The Ethiopian Zion Coptic Church is a movement born in Jamaica in the 1950s by disciples of Marcus Garvey and was incorporated in Florida in 1975. It first established its organization in the United States in Star Island, Florida with a commune of around 40 members. The commune followed a combination of teachings from the Bible, Old and New Testament, Billy Graham's fundamentalism, and Kosher law. The movement understands and confirms that it is based on the teachings of Marcus Garvey and that they use cannabis as sacrament. It is a misconception that pious Rastafarians smoke marijuana recreationally, and some (in particular, the canonical Ethiopian Orthodox and classical Elders) do not use it at all. However, many Rastafarian teachers have advocated for controlled ritual smoking of 'wisdom weed' in private as a meditation tool and communally from 'chalice' pipes as an 'incense to please the Lord.'

In 1979 the group was accused, tried, and convicted of smuggling massive amounts of potent cannabis from Jamaica to Miami in actions that kept the Jamaican economy afloat that decade. The then-Jamaican Prime Minister Edward Seaga told a U.S. interview "It's just a little sinsemilla that it keep the country going right now". The Coptics published a free newspaper promoting Garveyism and the decriminalization of marijuana titled "Coptic Times". They also appeared on 60 Minutes on October 28, 1979. The group's leader was Thomas Reilly, also known as Brother Louv.
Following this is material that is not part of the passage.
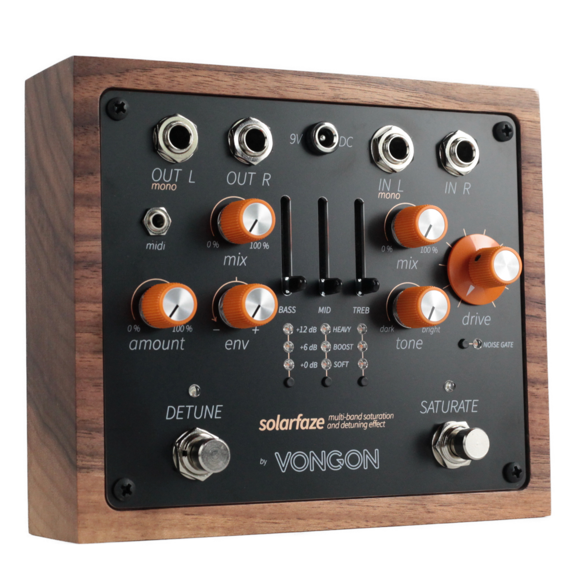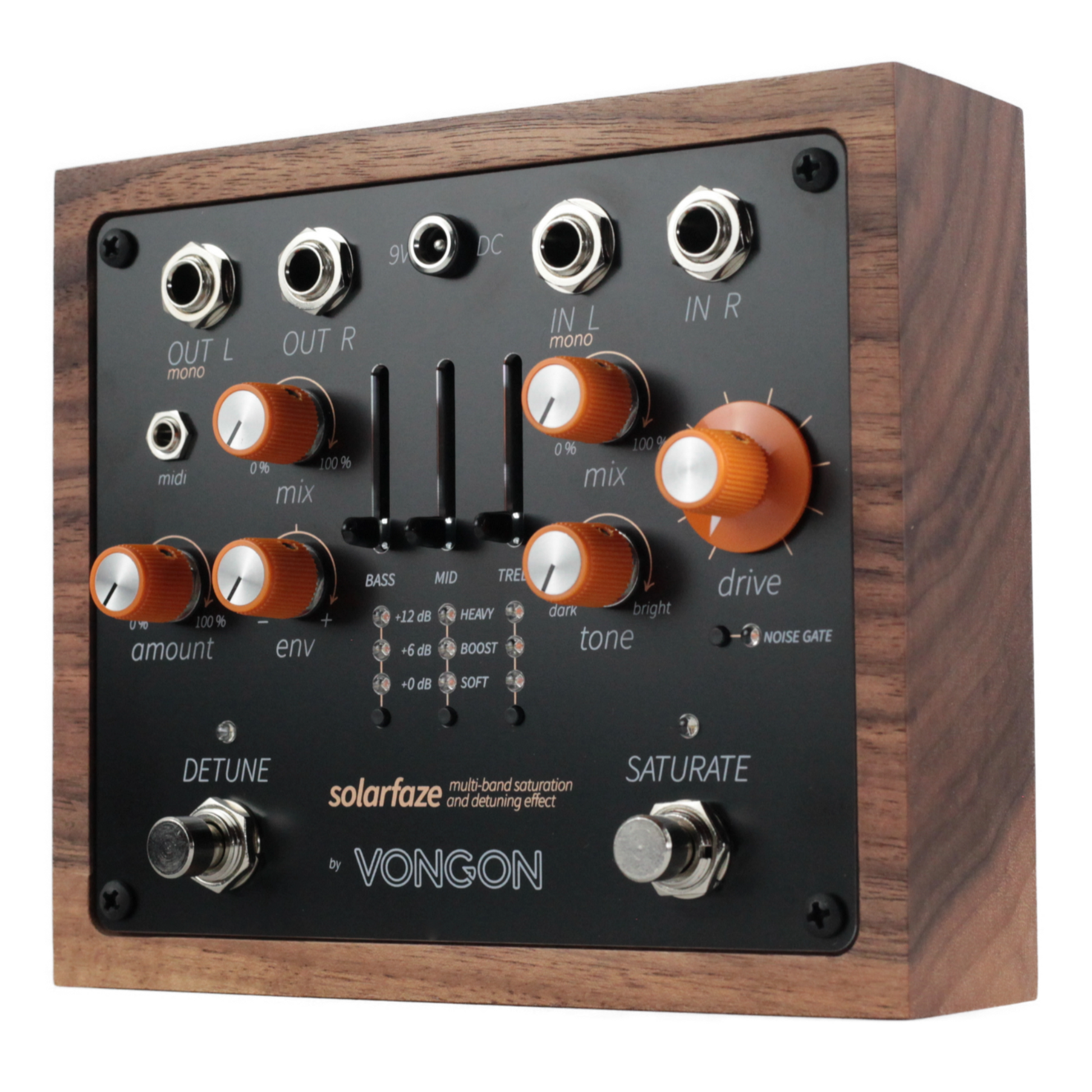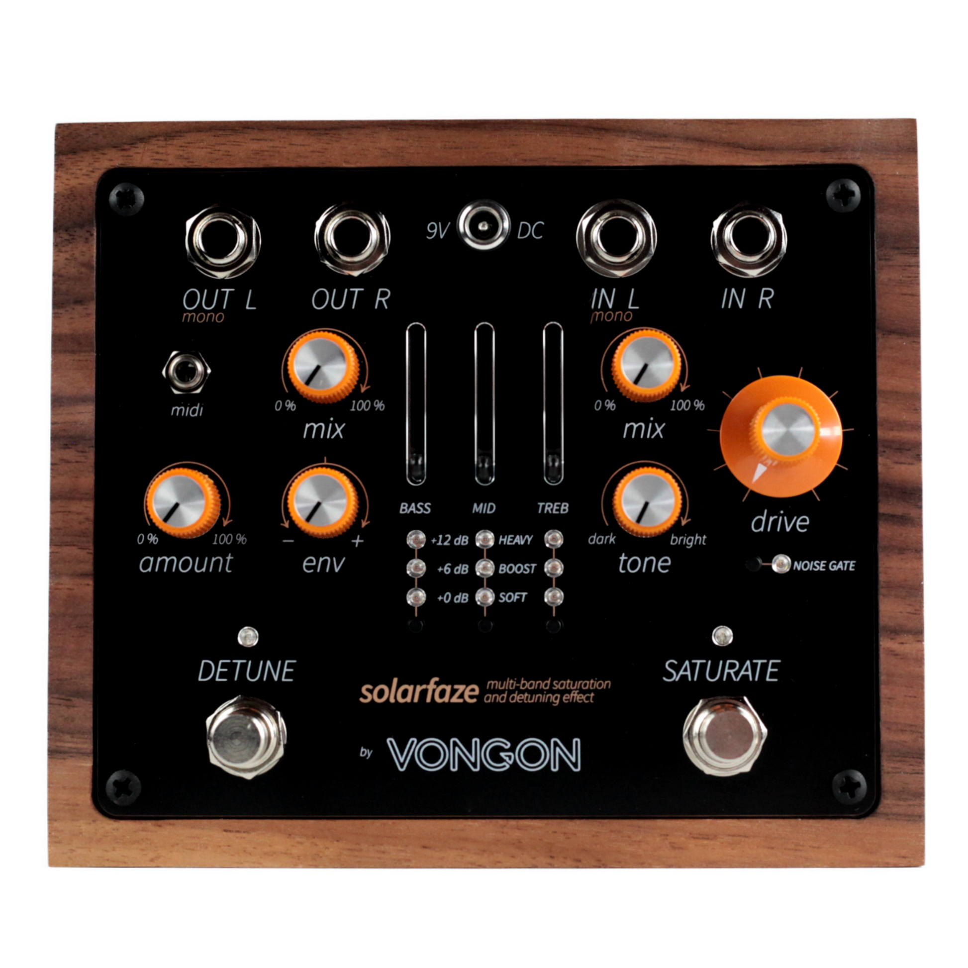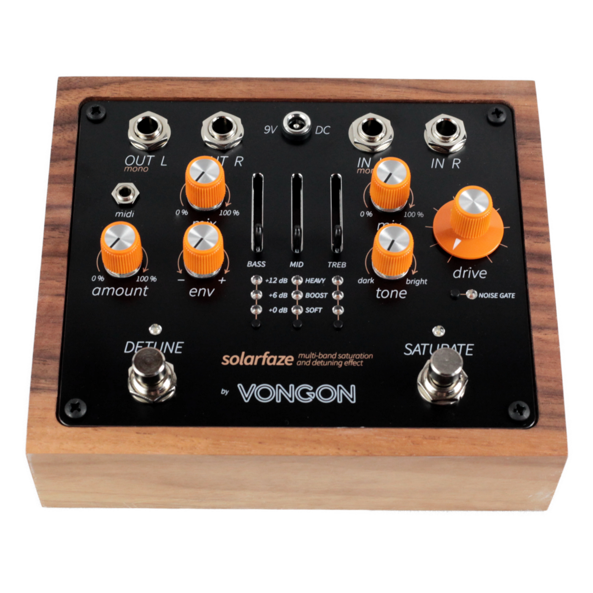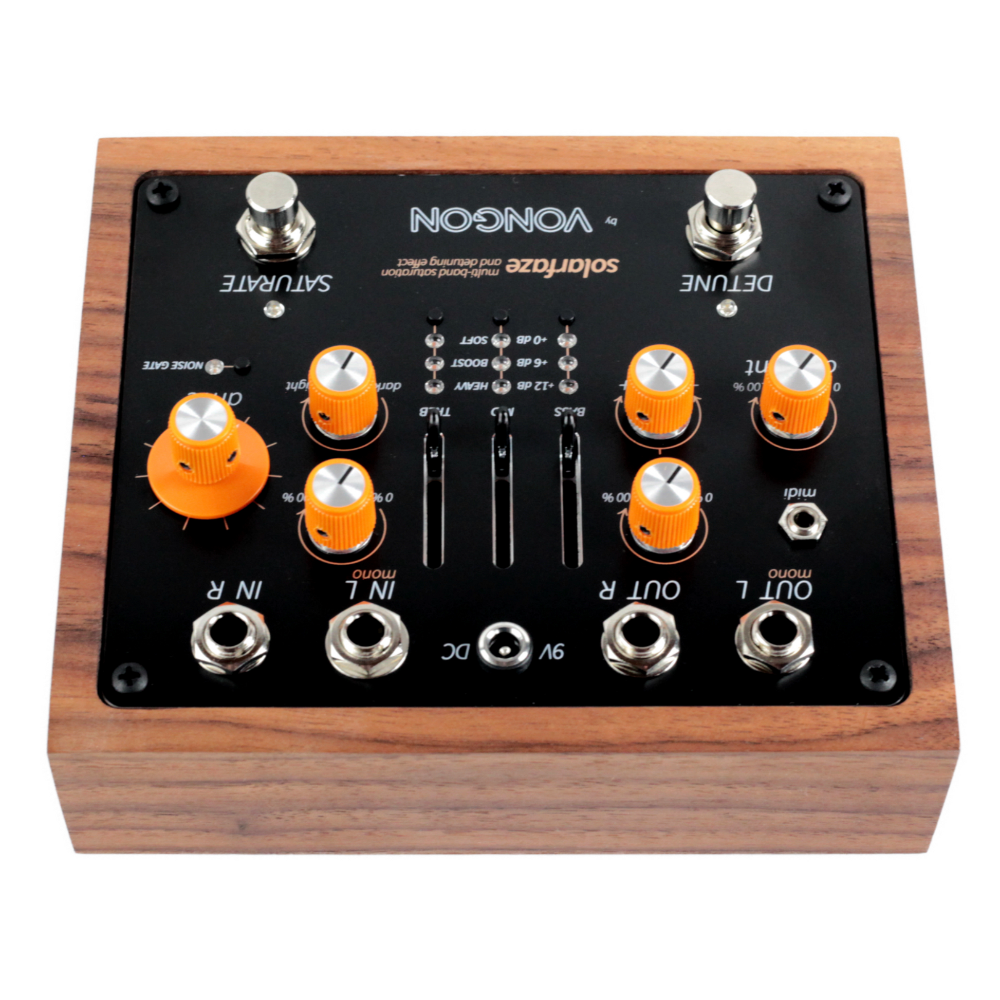Additional features include a built-in NOISE GATE for high-gain settings and flexible effect routing that allows SATURATE to run before DETUNE or vice versa. the pedal supports both analog buffered bypass for zero-latency pass-through and DSP bypass for completely silent effect toggling. MIDI control extends the possibilities further, with nine onboard user preset slots and remote adjustment of every parameter.

During the same year, The Supreme Court of Florida found: "(1) the Ethiopian Zion Coptic Church represents a religion within the first amendment to the Constitution of the United States, and (2) the “use of cannabis is an essential portion of the religious practice." "Further, the Ethiopian Zion Coptic Church is not a new church or religion but the record reflects it is centuries old and has regularly used cannabis as its sacrament”.

In 1986 the organization participated in the Drug Enforcement Administration's hearings on cannabis rescheduling in the United States.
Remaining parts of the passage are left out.